Record set:
______
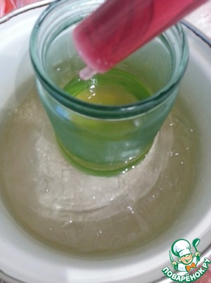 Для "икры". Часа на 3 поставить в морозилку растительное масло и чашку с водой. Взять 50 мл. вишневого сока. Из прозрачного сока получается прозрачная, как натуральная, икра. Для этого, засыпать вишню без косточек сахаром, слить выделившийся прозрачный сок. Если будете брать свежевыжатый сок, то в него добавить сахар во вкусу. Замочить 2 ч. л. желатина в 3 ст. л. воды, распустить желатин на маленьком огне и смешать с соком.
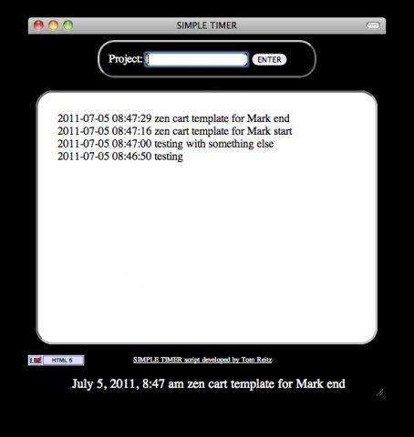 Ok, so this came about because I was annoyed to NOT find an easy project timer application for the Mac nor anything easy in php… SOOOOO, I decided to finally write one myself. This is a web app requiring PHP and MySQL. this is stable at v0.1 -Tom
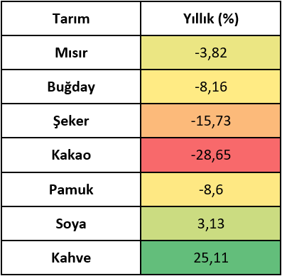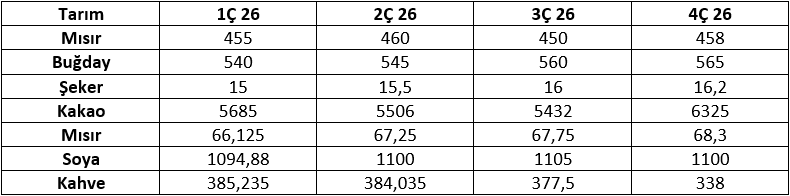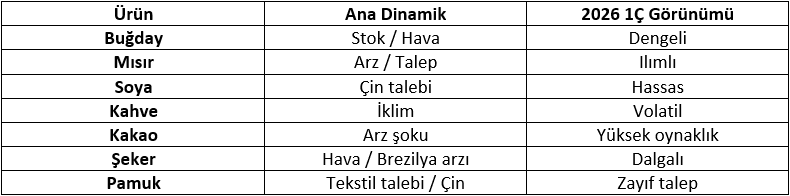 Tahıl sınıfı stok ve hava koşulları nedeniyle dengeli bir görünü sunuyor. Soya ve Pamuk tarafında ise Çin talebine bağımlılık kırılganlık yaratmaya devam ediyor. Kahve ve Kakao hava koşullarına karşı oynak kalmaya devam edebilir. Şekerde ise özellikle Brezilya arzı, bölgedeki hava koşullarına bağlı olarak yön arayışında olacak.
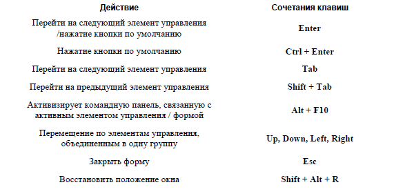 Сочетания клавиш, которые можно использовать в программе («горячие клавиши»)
______
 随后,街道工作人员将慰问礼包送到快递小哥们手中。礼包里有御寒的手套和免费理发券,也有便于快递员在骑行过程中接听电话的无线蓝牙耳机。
______
Task statement: To complete this exercise, transcribe exactly the lines above from the one that holds "Tahıl sınıfı stok" through the one that holds "Сочетания клавиш, которые". Pictures stay out.

Result:
 Tahıl sınıfı stok ve hava koşulları nedeniyle dengeli bir görünü sunuyor. Soya ve Pamuk tarafında ise Çin talebine bağımlılık kırılganlık yaratmaya devam ediyor. Kahve ve Kakao hava koşullarına karşı oynak kalmaya devam edebilir. Şekerde ise özellikle Brezilya arzı, bölgedeki hava koşullarına bağlı olarak yön arayışında olacak.
 Сочетания клавиш, которые можно использовать в программе («горячие клавиши»)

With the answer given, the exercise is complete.